● **Problem to solve**
Starting at the line that has "Save The smell" and stopping after the line that has "(a) Friction coefficient", reproduce the listing below exactly; omit everything else.

● **Data shown**
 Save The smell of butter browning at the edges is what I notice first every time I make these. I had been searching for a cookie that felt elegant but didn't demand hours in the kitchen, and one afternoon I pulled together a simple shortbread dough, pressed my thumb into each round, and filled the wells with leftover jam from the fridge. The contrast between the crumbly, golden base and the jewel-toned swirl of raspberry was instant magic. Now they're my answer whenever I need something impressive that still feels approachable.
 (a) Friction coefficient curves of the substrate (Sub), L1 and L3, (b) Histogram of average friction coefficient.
...
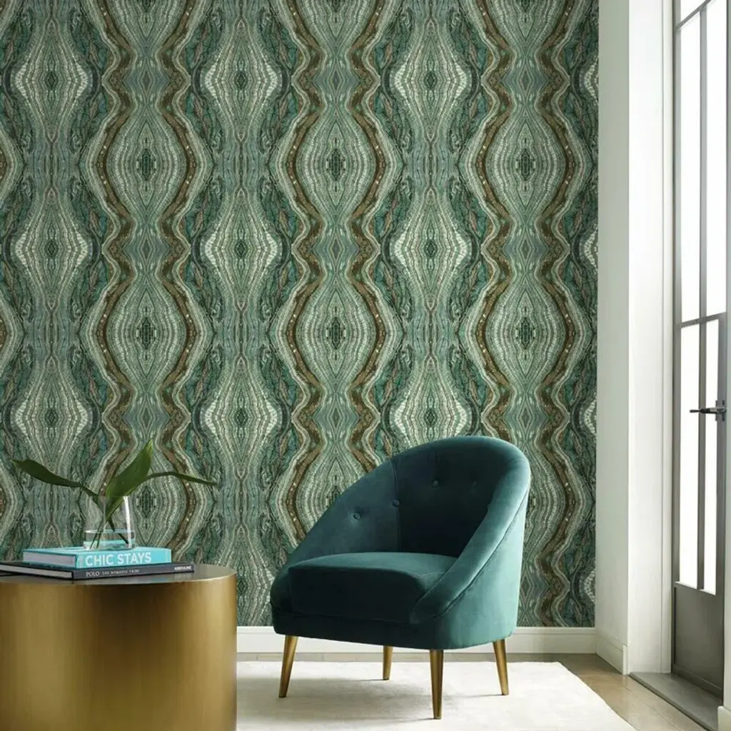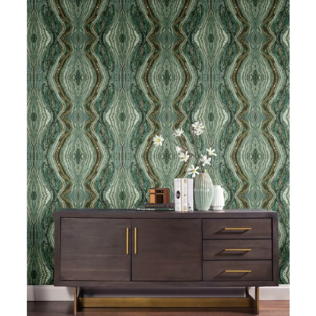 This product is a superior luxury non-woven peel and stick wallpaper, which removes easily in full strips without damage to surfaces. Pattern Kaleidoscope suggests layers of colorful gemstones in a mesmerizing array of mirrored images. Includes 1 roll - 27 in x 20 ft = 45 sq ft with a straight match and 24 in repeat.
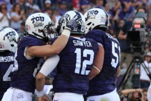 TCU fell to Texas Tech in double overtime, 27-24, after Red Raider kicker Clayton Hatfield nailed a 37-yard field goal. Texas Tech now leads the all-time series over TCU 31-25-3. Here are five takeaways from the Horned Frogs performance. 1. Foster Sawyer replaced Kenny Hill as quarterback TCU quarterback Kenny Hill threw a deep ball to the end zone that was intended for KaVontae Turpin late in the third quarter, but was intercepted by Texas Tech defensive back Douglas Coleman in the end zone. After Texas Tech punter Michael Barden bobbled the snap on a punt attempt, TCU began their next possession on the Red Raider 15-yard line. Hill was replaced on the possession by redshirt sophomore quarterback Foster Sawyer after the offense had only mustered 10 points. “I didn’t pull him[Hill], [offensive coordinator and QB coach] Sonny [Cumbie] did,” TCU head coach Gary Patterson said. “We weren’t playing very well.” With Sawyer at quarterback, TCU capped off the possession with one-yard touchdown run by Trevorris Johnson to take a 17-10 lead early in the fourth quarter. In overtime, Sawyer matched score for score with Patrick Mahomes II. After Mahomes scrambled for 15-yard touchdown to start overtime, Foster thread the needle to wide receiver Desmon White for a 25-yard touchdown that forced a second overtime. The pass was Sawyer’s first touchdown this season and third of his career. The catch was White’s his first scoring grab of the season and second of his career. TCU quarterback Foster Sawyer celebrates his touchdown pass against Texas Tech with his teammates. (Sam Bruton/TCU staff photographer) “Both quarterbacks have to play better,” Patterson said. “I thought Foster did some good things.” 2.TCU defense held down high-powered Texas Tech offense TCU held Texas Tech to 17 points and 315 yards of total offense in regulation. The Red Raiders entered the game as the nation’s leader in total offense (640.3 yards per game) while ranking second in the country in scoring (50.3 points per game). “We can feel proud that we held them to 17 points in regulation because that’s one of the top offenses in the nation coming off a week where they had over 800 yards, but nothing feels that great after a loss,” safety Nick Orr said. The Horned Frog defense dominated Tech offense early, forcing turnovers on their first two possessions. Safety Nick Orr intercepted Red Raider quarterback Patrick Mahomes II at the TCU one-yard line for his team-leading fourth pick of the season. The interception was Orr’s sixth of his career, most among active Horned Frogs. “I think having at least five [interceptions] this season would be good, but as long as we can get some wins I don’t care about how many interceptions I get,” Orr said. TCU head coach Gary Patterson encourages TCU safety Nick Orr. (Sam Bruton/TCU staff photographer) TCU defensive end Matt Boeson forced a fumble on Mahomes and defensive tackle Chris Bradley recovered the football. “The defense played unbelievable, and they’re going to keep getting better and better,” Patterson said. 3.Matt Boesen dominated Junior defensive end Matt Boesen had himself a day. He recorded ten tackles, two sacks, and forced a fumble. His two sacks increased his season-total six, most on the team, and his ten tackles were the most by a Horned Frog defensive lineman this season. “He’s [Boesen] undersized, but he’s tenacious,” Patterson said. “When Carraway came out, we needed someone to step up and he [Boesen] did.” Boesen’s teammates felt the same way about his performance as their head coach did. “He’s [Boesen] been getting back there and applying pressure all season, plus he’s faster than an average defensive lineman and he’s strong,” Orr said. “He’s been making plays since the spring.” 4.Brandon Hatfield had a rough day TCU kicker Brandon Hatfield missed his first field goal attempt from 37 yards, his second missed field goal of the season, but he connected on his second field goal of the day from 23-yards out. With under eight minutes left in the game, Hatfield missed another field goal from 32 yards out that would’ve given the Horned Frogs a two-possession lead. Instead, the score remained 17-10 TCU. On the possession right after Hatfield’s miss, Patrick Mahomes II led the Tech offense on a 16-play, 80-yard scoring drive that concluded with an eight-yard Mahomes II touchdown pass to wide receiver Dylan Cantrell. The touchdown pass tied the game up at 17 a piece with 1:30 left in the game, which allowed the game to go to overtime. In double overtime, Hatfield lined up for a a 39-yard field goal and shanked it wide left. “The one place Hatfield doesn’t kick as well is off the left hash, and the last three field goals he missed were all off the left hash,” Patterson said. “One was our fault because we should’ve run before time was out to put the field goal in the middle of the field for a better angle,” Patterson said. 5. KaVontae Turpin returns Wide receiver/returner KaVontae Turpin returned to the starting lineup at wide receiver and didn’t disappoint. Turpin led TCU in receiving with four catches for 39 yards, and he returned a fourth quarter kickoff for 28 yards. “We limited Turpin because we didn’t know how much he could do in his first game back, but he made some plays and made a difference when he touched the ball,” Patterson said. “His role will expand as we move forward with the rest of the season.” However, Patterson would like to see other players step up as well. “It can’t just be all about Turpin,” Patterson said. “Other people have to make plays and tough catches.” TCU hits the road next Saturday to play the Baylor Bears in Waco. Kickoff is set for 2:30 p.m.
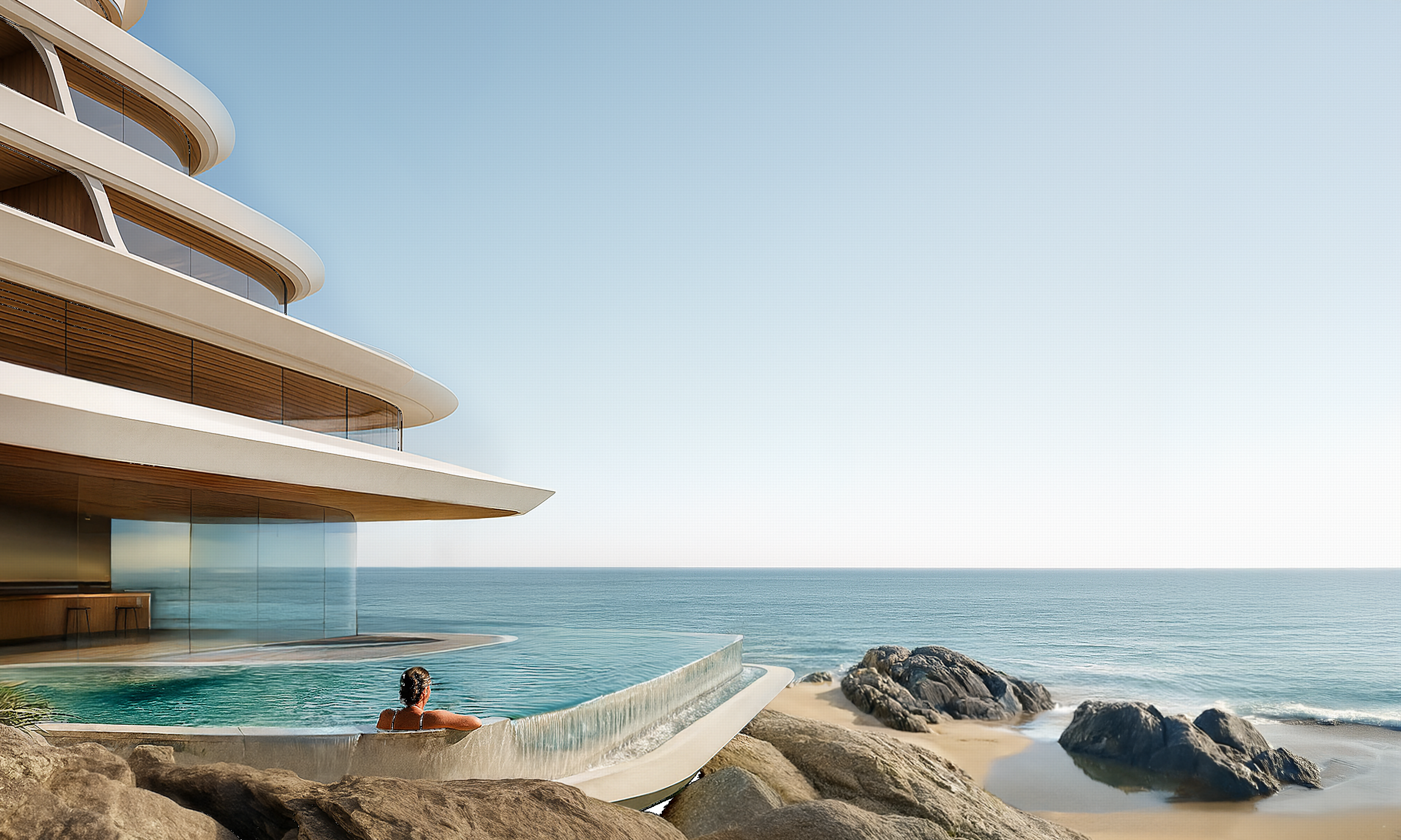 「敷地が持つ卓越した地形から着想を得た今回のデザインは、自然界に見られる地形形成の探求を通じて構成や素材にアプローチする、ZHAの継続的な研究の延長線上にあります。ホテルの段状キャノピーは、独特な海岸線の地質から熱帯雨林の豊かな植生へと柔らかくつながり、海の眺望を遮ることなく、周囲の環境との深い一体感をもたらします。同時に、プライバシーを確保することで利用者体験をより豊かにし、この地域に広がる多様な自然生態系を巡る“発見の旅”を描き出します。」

● **Response for this exercise**
 Save The smell of butter browning at the edges is what I notice first every time I make these. I had been searching for a cookie that felt elegant but didn't demand hours in the kitchen, and one afternoon I pulled together a simple shortbread dough, pressed my thumb into each round, and filled the wells with leftover jam from the fridge. The contrast between the crumbly, golden base and the jewel-toned swirl of raspberry was instant magic. Now they're my answer whenever I need something impressive that still feels approachable.
 (a) Friction coefficient curves of the substrate (Sub), L1 and L3, (b) Histogram of average friction coefficient.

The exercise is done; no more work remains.